1つはAと推理したが、新しい情報が出てきてAが否定されBと推理するという推理の連鎖があるもの。もう1つは1つの完全に提示された事件に対して、AやBやCといういくつもの解決があるものだ。『ミステリー・アリーナ』は『毒入りチョコレート事件』と同じく前者で、後者には最近の作品では『その可能性はすでに考えた』などがある。

個人的には後者のパターンの方が好き(だし、最初に全てを提示しておかなくてはならないので難易度も高いと読者ながら思う)だが、『ミステリー・アリーナ』は前者にクイズ番組的なガジェットを組み込むことで、先に答えた方が得という推理バトル感がとても楽しい小説になっている。またMCやアシスタントの軽妙な掛け合いが気持ち良く、かと思ったらワトソン役としても最高の仕事をしていて思わず笑ってしまった。(ただMCの発言に作者本人の思想が見え隠れするのはあまり好きではない。深水黎一郎さんのTwitterを見ている人には分かるだろうが。)

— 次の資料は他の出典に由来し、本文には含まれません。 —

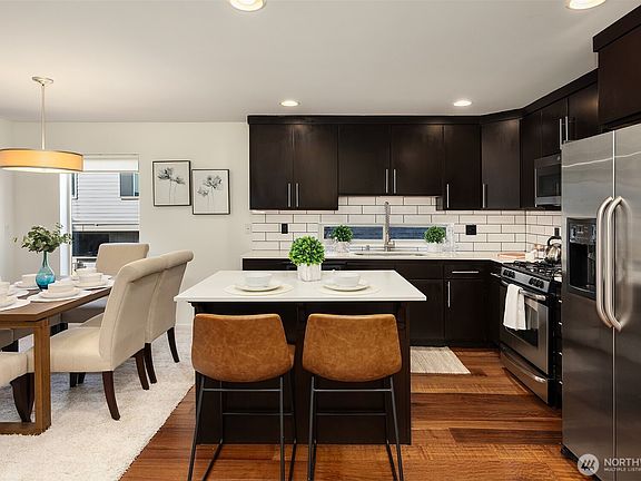A unique offering awaits with this stylish and versatile townhome! Nestled off the main road, it offers a serene setting with both privacy and quiet. The main level features an open-concept layout with a spacious kitchen, bamboo flooring, pantry, and convenient powder room. Upstairs, you’ll find two generous bedrooms, each with vaulted ceilings and ensuite baths. The entry-level bedroom with a ¾ bath and private entrance provides flexible living options—perfect for a home office, guest suite, or MIL space. This home has it all, including an attached 1-car garage and a fully fenced backyard. Enjoy proximity to West Seattle, Alki Beach, neighborhood parks, and a variety of local restaurants, with quick access to downtown Seattle!
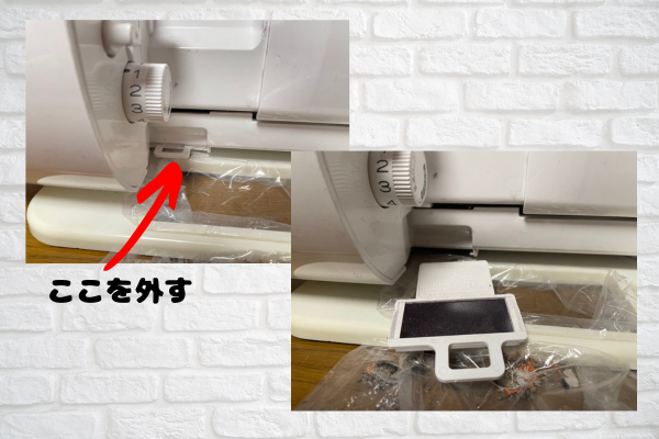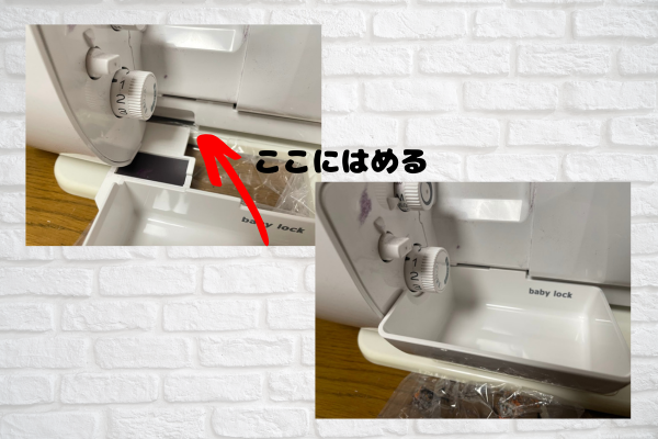 ➁トリムポケットの挿入部をミシン底部の左右の溝に合わせ、トリムポケットを挿入。
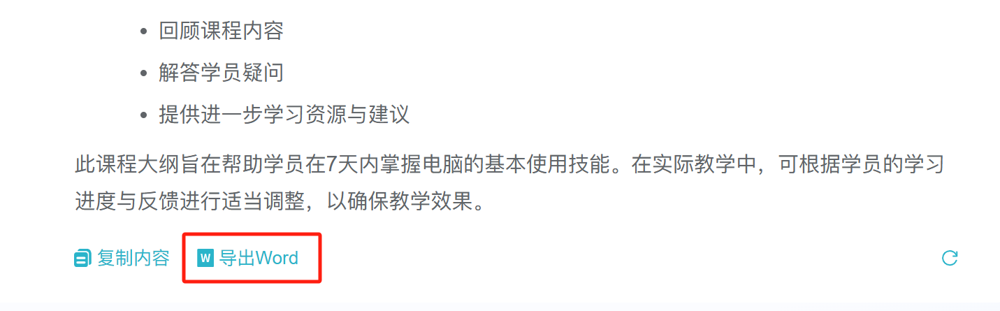 首先我们点击这个课程大纲,然后我们就输入一个 我想要做的一个教育产品,让他去帮助我们去快速梳理这个课程大纲
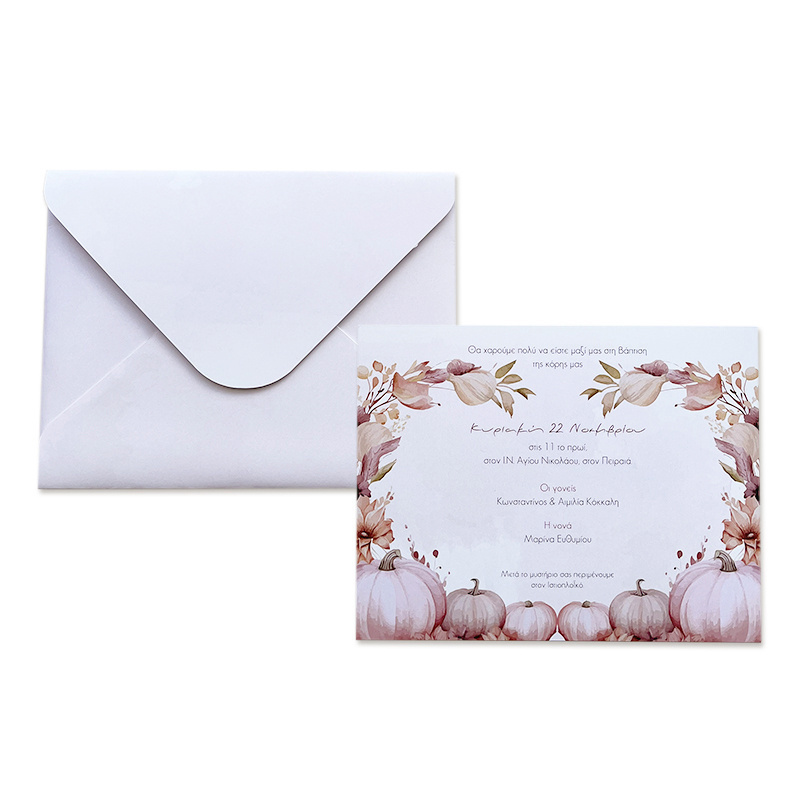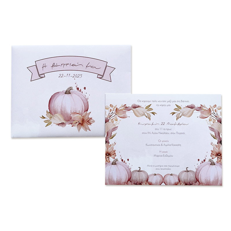 Προσκλητήριο βάπτισης Κολοκύθα, με εκτυπωμένο φάκελο.

もちろんミステリー部分も面白い。ネタバレができないので上手く表現できないが、この回答→問題編→別の人の回答というテレビ番組の仕組みを上手く使った仕掛けがなされている。そして多重解決の1つ1つの解決もかなりアクロバティックで単品としても楽しめるし、次はどんな謎が飛び出すのかとワクワクする。最初の推理がまず、(伏せ字)語り手が犯人という時点で、俄然と期待は高まるというものだ。

本作が気に入った方には早坂吝『虹の歯ブラシ 上木らいち発散』をオススメしたい。本作が発売される前に出版されたエロミステリーだが、似たような趣向が使われている。

ミステリー・アリーナ (講談社文庫)

ミステリー・アリーナ (講談社文庫)

虹の歯ブラシ 上木らいち発散 (講談社文庫)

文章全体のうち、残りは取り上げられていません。